Are there any tricks that you all use to get your glo-bugs nice and round? As my first steelhead yesterday proved, a less than perfectly tied glo-bug will catch fish :-D.

However, I'd like to be able to tie glo-bugs with a nicer, more rounded shape, without the jagged edges that mine currently have. Let me know; I look forward to everyone's responses
 
GF,
To get a round glo bug or egg fly, try packing the material a bit tighter - I usually press the stuff together tighter on the shank of the hook with my fingernails after it's cinched down with the thread. Then, before trimming it to shape, take a dubbing needle or hook point to pull out the material a bit so it "fluffs" into a circular clump around the hook. A pair of curved scissors will help with shaping the egg but if you take your time with straight scissors you should get a decent round form. Although they're a bit pricy in my view, you can purchase pre-made eggs that are perfectly round and have sparkle incorporated into the egg at most fly shops. They work okay but need some epoxy and thread wraps to get 'em to fix solidly to the hook shank. As you noticed, however, the fish won't mind a sloppy shape. Glad to hear you had some luck with the steelhead Sunday - we might have another steel addict in the making. :)
 
I like to tie my glo-bugs in two steps. I like to use McFly foam. I tie in about half of the foam I am going to use for the fly and position it so it is on the underside of the hook. I then attach the other half of the foam on the top of the hook, just like tying normal glo-bug, as well as adding in a small amount of foam in another color if you'd like a blood dot. You then trim the foam on either side of the hook in a curved fashion, ultimately creating a perfect ball shape. I believe this produces the best looking glo-bug.
 
I also like McFly Foam, it holds form better than Glo Bug Yarn IMHO. Good sharp scissors are a must.

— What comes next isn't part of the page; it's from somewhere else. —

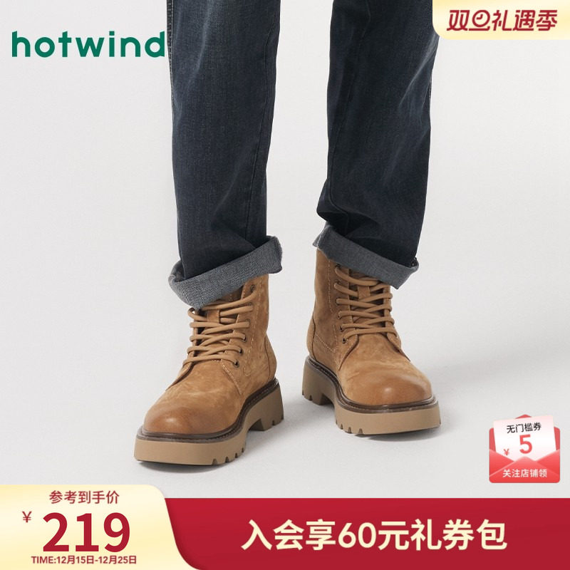 热风男士马丁靴25年冬新款时尚系带休闲靴子英伦风复古男鞋大黄靴
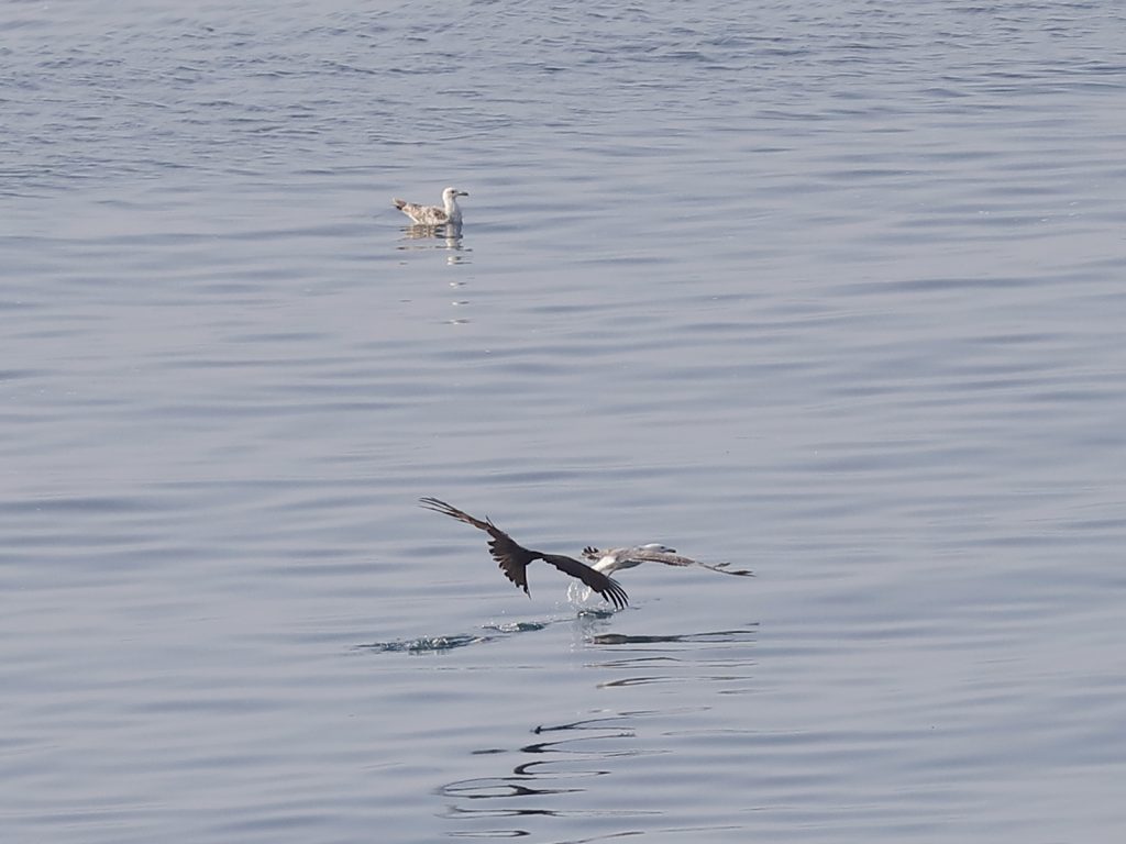 A propos de nourriture, j’ai pu photographier depuis mon balcon un Milan noir Milvus migrans en pleine pêche. Il a ensuite consommé son poisson en vol.

Check out Charlie Meck's version.
 
A few tips for how I tie mine.

First off put a good thread base down on the hook. If not, after a few steelhead they will be ripped off the hook. This gives them durability. I also put a layer of cement over the thread to hold it even more. I use just about anything, but mcfly foam does seem to have the best outcome. I actually don't like mine that tight. The looser ones seem to look more natural to me in the water. After I'm done I take all the yarn, gather it at the top and put about 4 turns of thread under it, kind of like you're tying a parachute. This makes it look more like a mushroom because it's more towards the top, but I don't have problems catching fish. This also helps with durability. I would rather have my flies look just slightly off, then be retying one on every 2 fish. It saves time in the long run and the fish don't seem to mind. I also tie my eggs a bit larger. As a few guys saw at the JAM mine are on sz 10 scud hooks and are about the diameter of a dime or penny. They don't represent the size of a real egg, but also, the fish don't seem to mind.

Hope this helped.

Ryan
 
Mcfly foam, sharp scissors, and practice.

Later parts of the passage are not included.